• [Exercise]
Copy word for word the lines of the records below, beginning at the one with "В зачет идут" and finishing at the one with "올해 미국건축사협회(AIA) 플로리다주", ends included, but none of the pictures.

• [Records shown]
::::::::

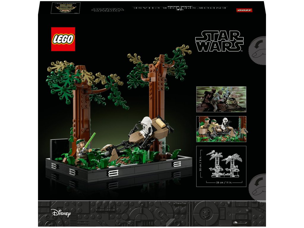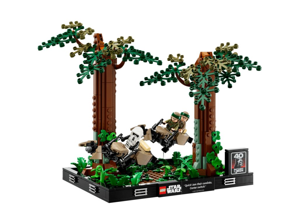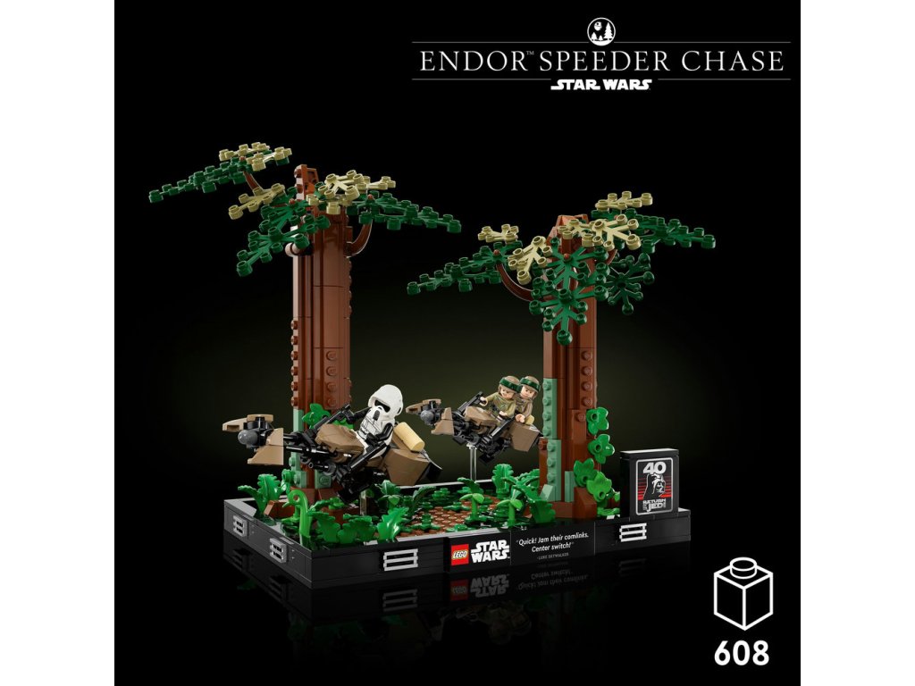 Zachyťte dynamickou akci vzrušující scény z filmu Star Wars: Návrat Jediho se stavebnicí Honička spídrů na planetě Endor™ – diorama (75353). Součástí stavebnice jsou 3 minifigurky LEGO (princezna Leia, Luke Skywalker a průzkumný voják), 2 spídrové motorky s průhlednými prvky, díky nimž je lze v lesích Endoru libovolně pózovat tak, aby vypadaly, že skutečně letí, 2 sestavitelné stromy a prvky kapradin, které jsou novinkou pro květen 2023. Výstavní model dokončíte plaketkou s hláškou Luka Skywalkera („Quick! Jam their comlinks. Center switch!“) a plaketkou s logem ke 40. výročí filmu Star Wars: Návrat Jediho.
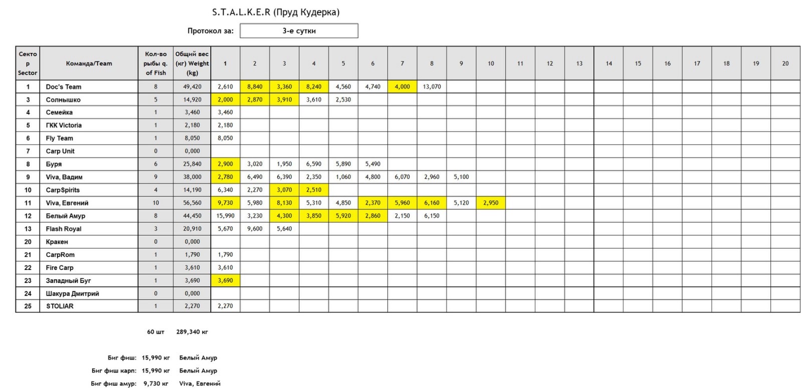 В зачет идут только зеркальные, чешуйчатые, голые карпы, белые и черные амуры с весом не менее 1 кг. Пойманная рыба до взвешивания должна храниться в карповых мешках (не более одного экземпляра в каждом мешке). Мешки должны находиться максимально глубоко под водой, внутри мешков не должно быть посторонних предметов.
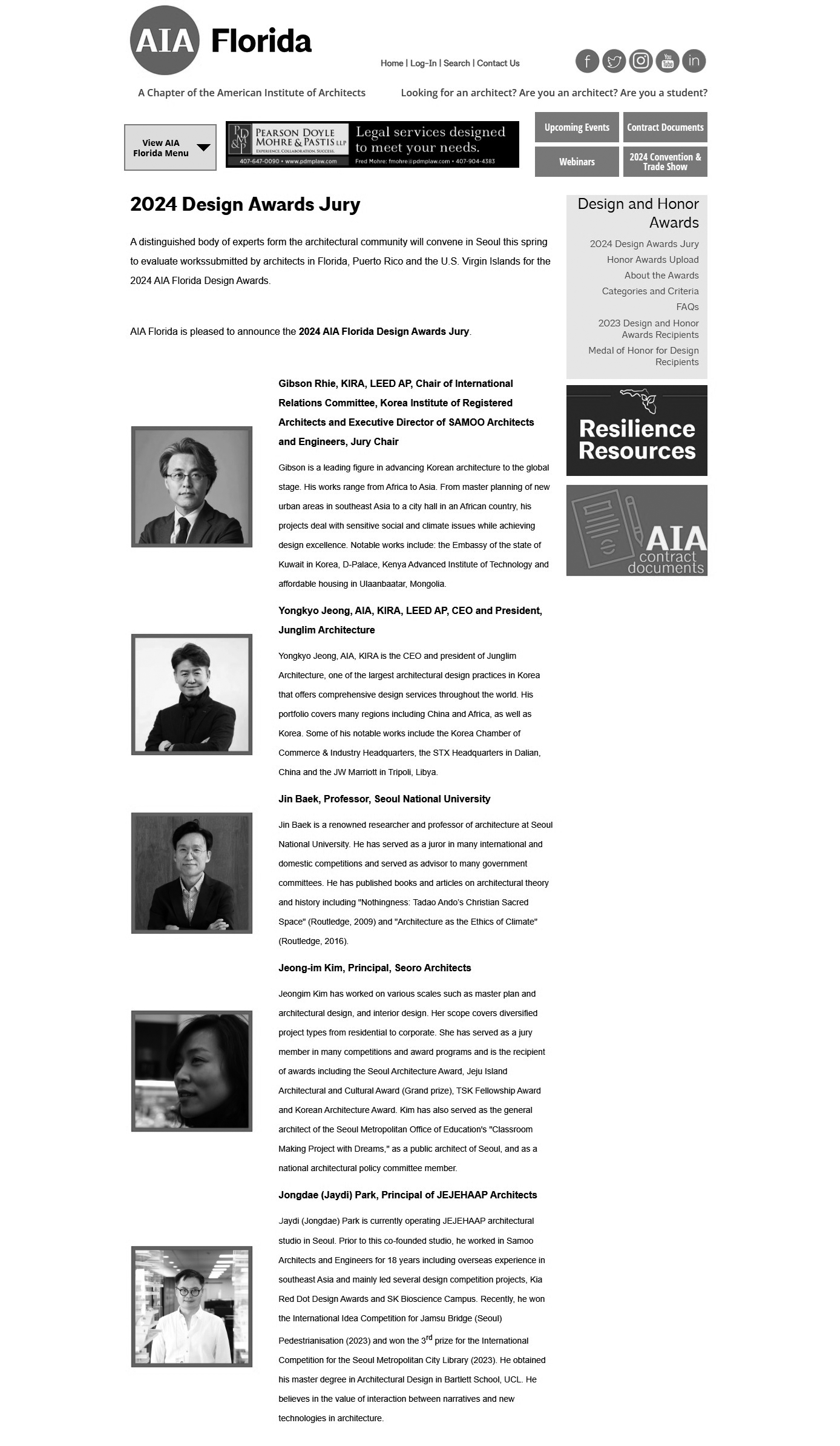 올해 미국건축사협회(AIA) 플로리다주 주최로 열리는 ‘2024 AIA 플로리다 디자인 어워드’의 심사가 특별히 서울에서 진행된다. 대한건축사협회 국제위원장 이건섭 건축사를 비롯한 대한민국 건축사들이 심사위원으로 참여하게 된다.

::::::::

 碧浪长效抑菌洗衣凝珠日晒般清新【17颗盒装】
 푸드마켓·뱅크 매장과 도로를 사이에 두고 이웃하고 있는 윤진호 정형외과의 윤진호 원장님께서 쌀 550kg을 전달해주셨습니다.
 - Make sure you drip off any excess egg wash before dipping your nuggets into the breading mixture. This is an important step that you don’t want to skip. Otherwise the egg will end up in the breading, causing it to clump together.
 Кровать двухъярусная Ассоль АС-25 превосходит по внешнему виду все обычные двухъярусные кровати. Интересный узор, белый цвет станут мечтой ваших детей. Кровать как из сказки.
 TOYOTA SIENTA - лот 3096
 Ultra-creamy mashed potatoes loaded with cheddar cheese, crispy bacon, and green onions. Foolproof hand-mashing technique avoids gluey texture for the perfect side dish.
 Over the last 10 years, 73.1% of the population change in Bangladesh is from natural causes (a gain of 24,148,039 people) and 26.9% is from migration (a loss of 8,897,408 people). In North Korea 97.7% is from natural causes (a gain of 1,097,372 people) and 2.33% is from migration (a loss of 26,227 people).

::::::::

• [Result for this task]
 В зачет идут только зеркальные, чешуйчатые, голые карпы, белые и черные амуры с весом не менее 1 кг. Пойманная рыба до взвешивания должна храниться в карповых мешках (не более одного экземпляра в каждом мешке). Мешки должны находиться максимально глубоко под водой, внутри мешков не должно быть посторонних предметов.
 올해 미국건축사협회(AIA) 플로리다주 주최로 열리는 ‘2024 AIA 플로리다 디자인 어워드’의 심사가 특별히 서울에서 진행된다. 대한건축사협회 국제위원장 이건섭 건축사를 비롯한 대한민국 건축사들이 심사위원으로 참여하게 된다.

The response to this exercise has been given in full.